Soy contains plant estrogens known as isolfavones. These plant estrogens may act like estrogen produced naturally in the body and could have a drug-like effect in the body. Studies looking at these chemicals have had mixed results. Some studies indicate benefit, while others indicate risk for breast cancer. This scientific conundrum has researchers urging caution. As with all steroids, estrogen can be a two-edged sword, conferring both benefits and risks. Plant estrogens are thousands of times weaker than natural estrogens, but they circulate in the blood at levels thousands of times higher than natural estrogens.
So far seven studies have compared soy protein shakes, bars, muffins, and flour to placebos. Two studies found that soy curbed hot flashes. In one study drinking a soy protein beverage twice a day reduced the severity of hot flashes but not the number. In an Italian study the average number of hot flashes in the soy drinkers declined from 11 a day to six. In the placebo group the number dropped from 11 to eight. In five other studies, soy products were no better than soy-free placebos at relieving menopausal symptoms. No good studies have looked at foods like tofu or soy cheese.
Taking soy supplements with much higher levels of isoflavones, or isoflavone supplements are not recommended. No one knows what effects such large amounts will have on the body. As with estrogen, large amounts can potentially be dangerous.
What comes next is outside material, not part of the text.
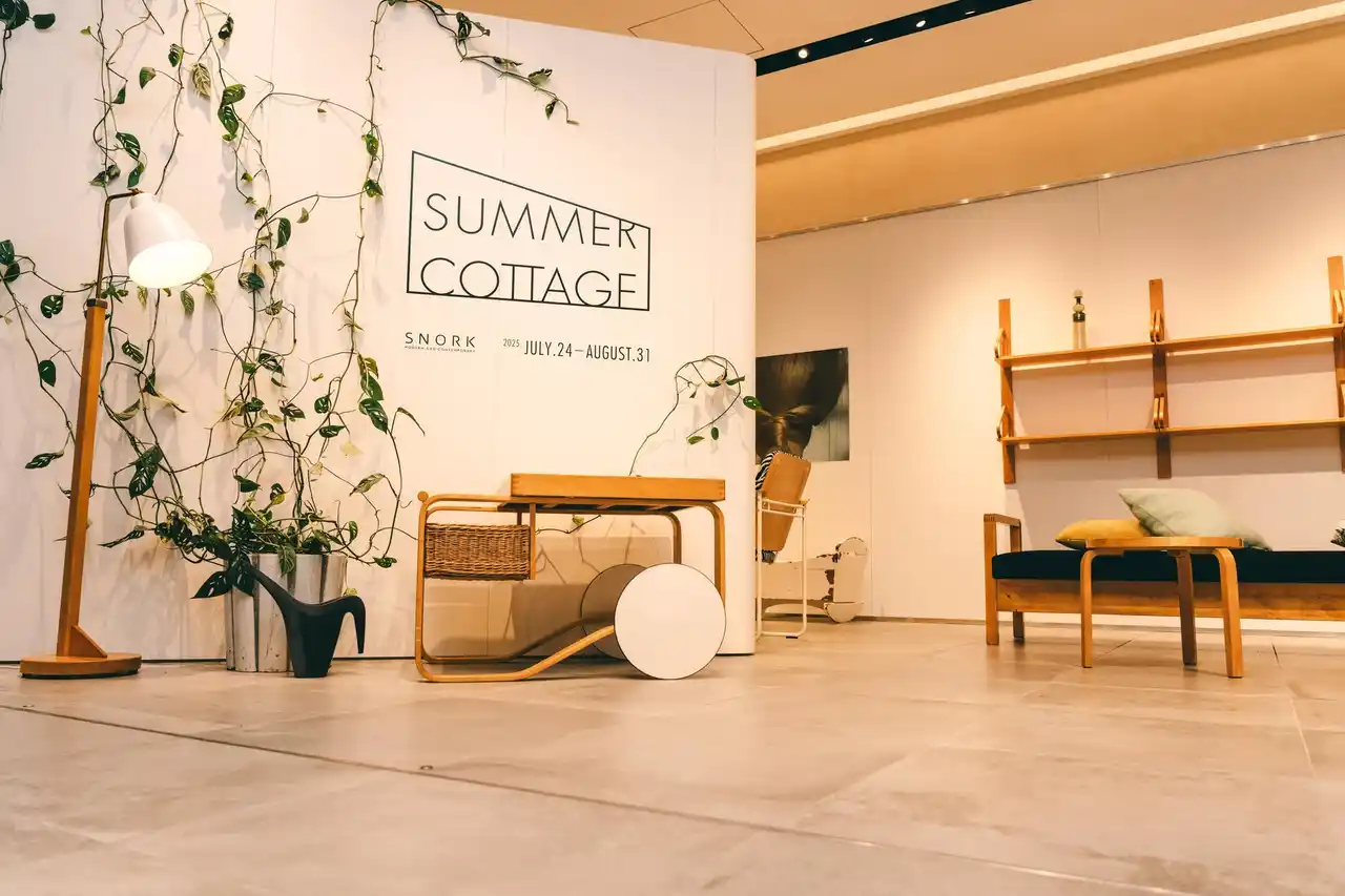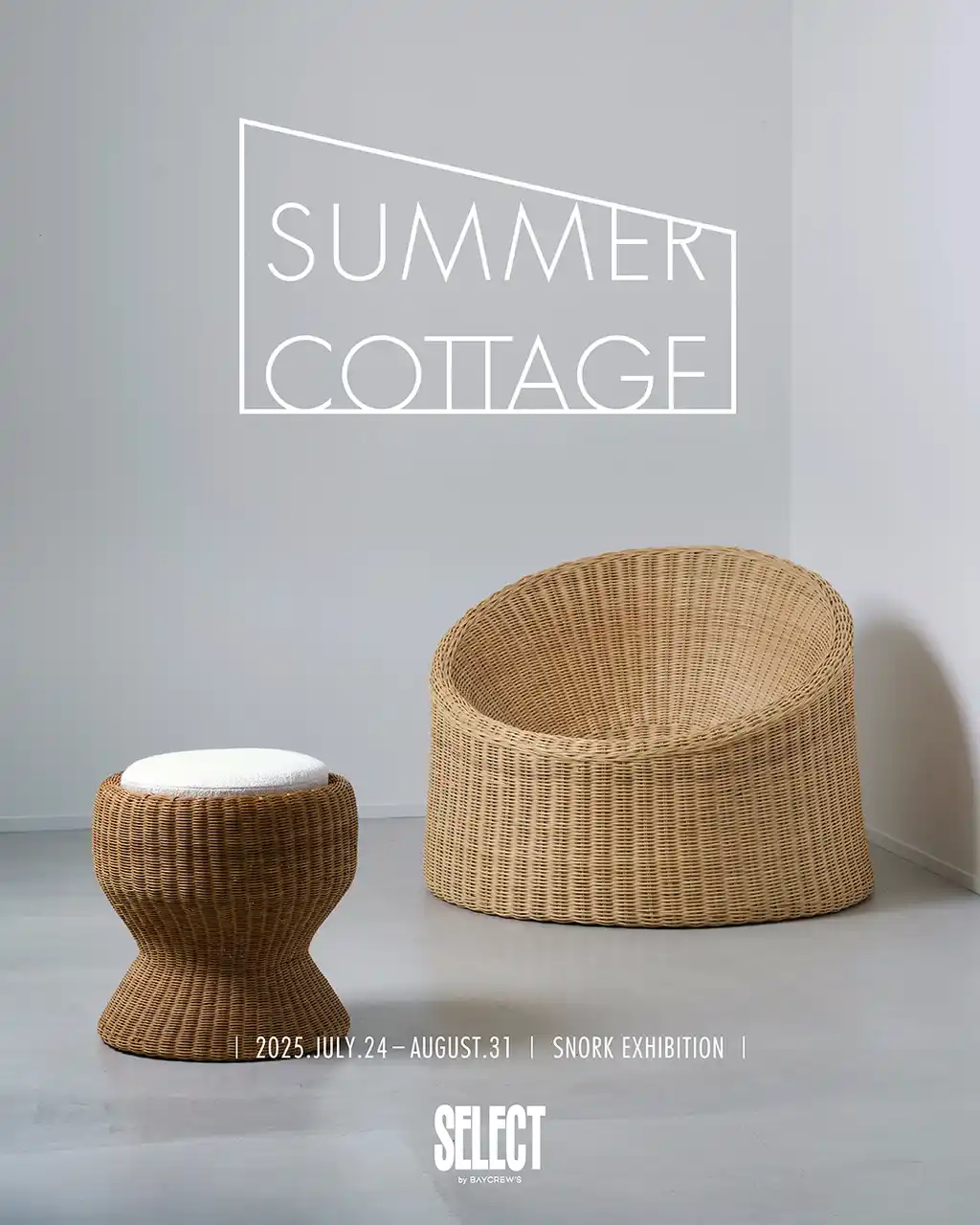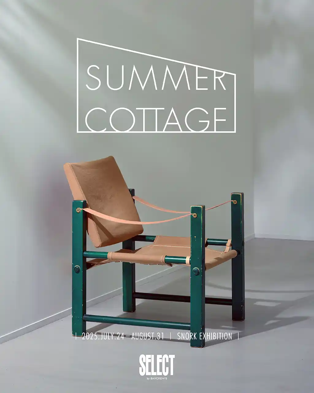 株式会社ベイクルーズ(本社: 東京都渋谷区、取締役CEO: 杉村 茂)が運営する「SELECT by BAYCREW’S」にて、フィンランドモダニズム期のヴィンテージファニチャーを中心に取り扱う山梨のデザインギャラリー〈SNORK - MODERN AND CONTEMPORARY〉のEXHIBITIONを開催中です。 テーマに据えられたのは「SUMMER COTTAGE」。 1970~80年代にフィンランドで生まれた名作家具を中心に、〈SNORK〉の真骨頂であるモダンデザインの希少なアーカイブなど、数十点の家具やプロダクトを展示販売しております。 |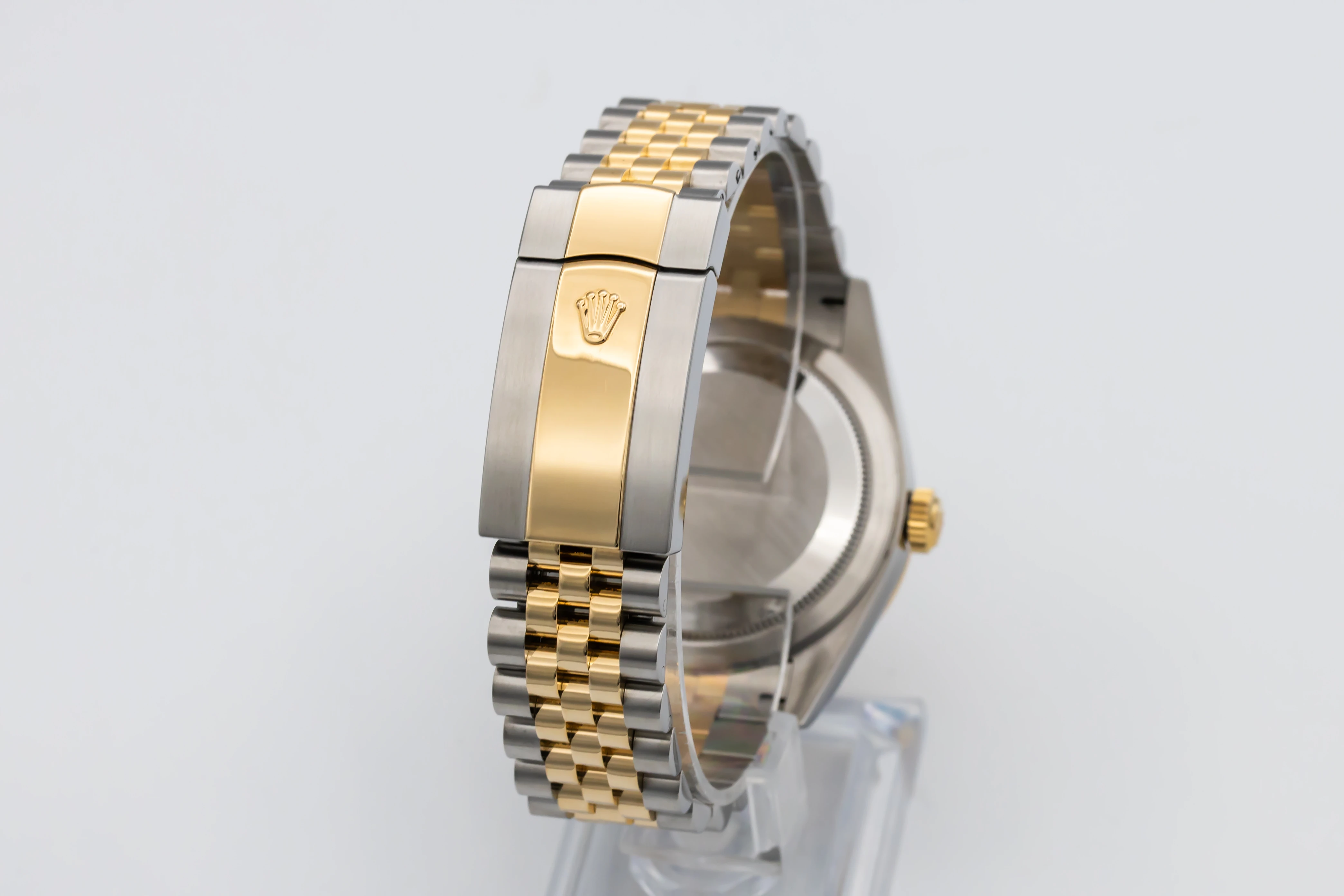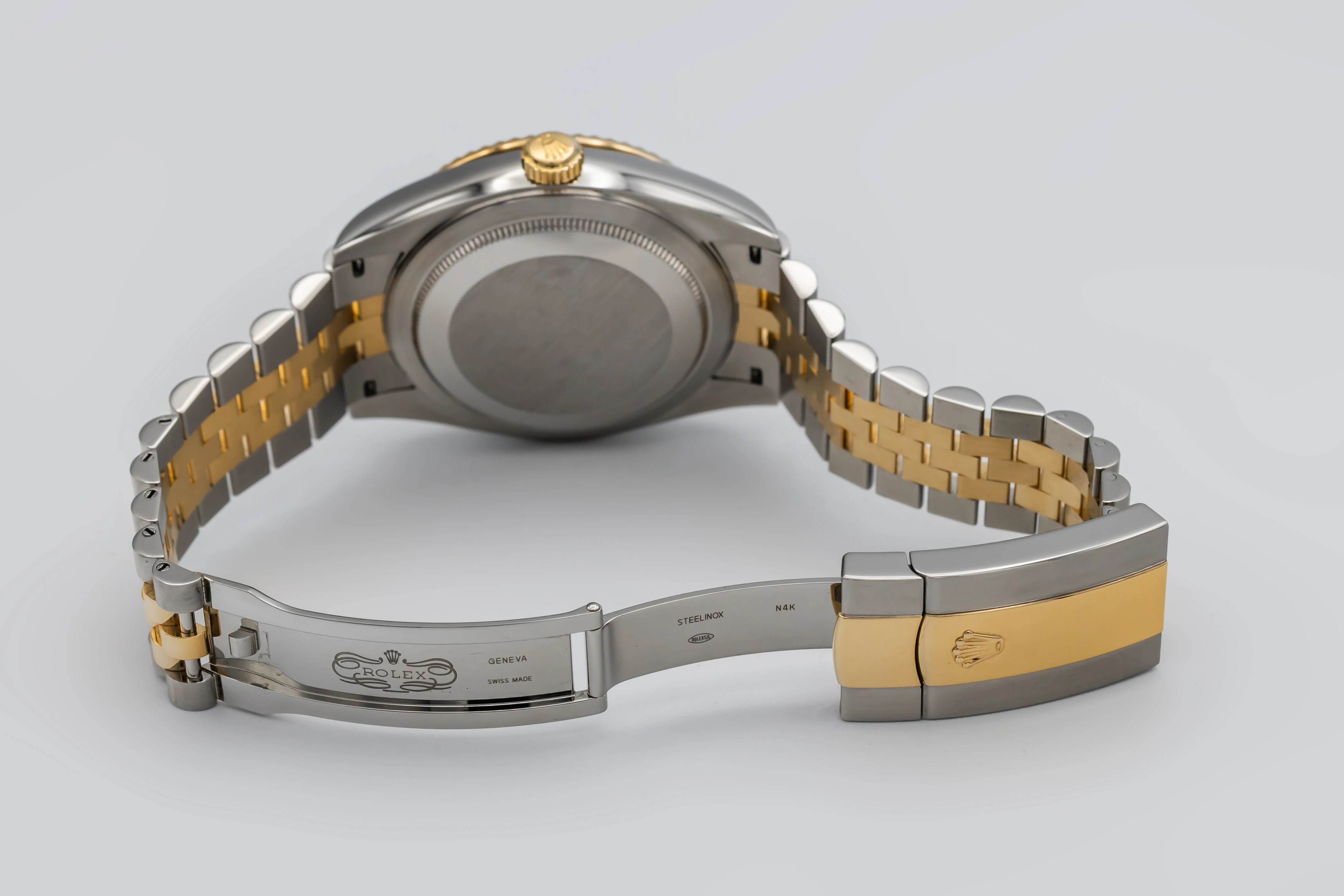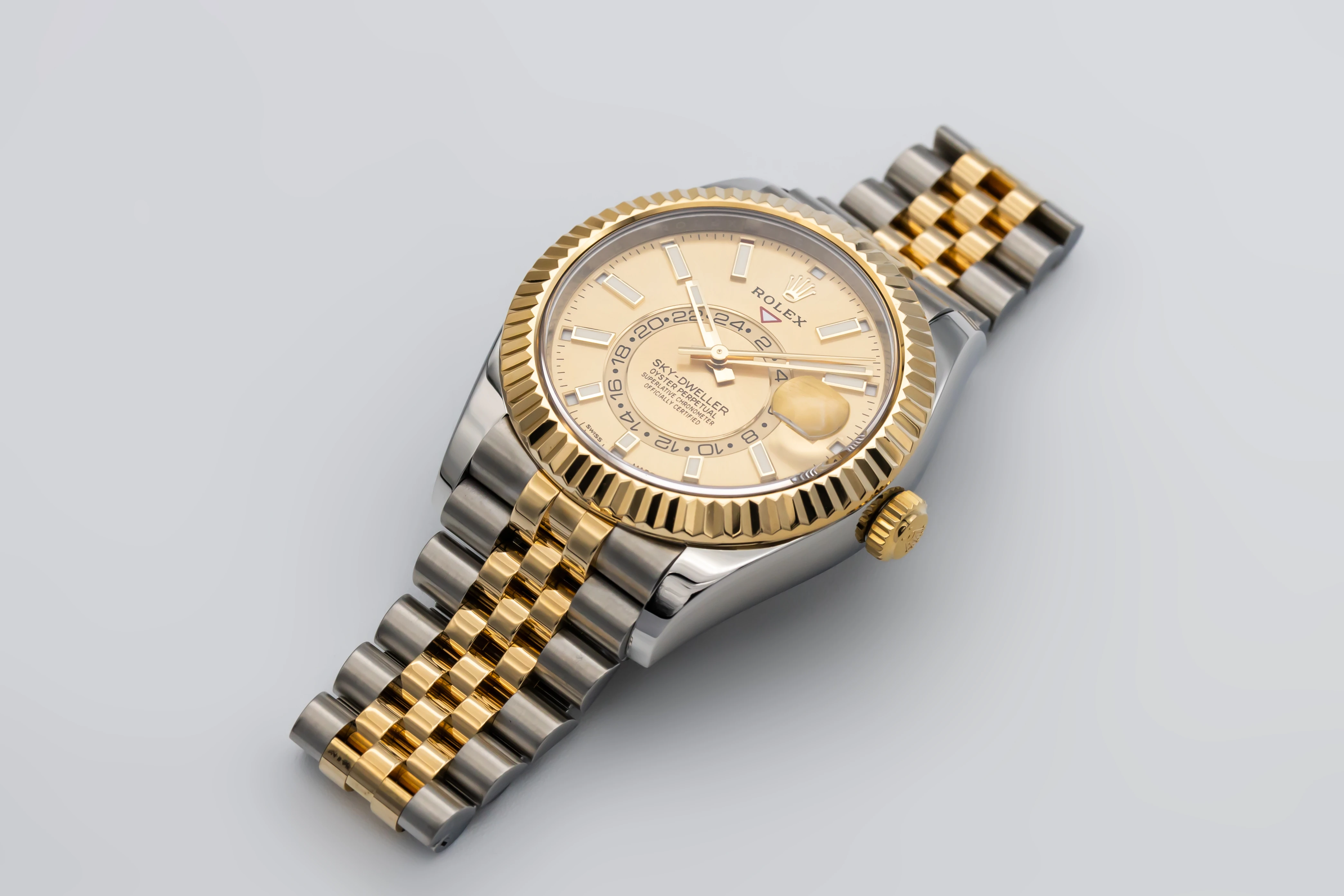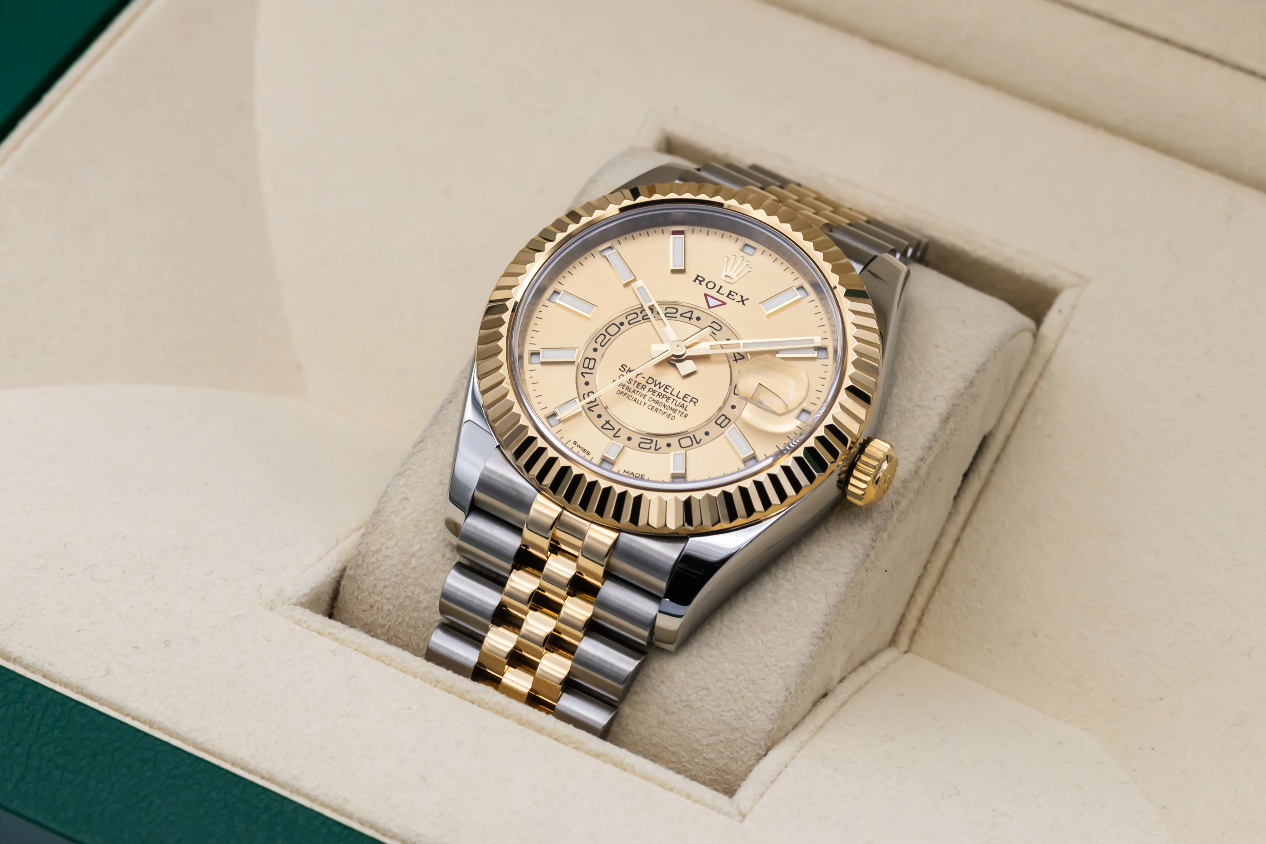 This 2021 Rolex Sky-Dweller 42mm features a champagne dial with luminous baton hour markers, an off-centre 24-hour disc for dual time zones, and an elegant framed date window beneath the iconic Cyclops lens. Paired with the distinguished Jubilee bracelet—crafted in steel and yellow gold and fitted with a concealed Crownclasp—this Sky-Dweller balances powerful presence with graceful refinement, ideal for world travellers and connoisseurs alike.

There are other reasons to include whole soy foods in your diet. Last October, The Food and Drug Administration gave food manufacturers permission to put labels on products high in soy protein indicating that these foods may help lower heart disease risk. No sooner had the FDA proposed the health claim regulation, than concerns arose about certain components in soy products, particularly isoflavones. This should come as no surprise. Every dietary health claim that has ever been published has met with controversy.
Scientists agree that foods rich in soy protein are heart healthy. A year long review of the available human studies in 1999 prompted the FDA to allow a health claim on labels stating that a diet consuming 25 grams of soy protein daily may reduce the risk of heart disease. Much of the research concentrated on soy in the form of whole foods, such as tofu, soymilk, or as soy protein added to foods. The recently raised concerns focus on specific components of soy, such as isoflavones (daidzein and genistein), not the whole food or intact soy protein. Soy by itself is not a magic food. It is an example of a healthy food that, when combined with a healthy diet, can have a positive effect on health.
Unlike the controversy surrounding soy isoflavones, the evidence on soy protein is much clearer. Which is why the FDA approved the health claim on labels. Soy protein can be a good substitute for animal products because, like animal products, they contain all the essential amino acids, but much less saturated fat. Diets with four daily soy servings (6.25 grams of soy protein is considered a serving) can reduce levels of LDL by as much as 10 percent (a one percent drop in total cholesterol can equal a 2 percent drop in heart disease risk).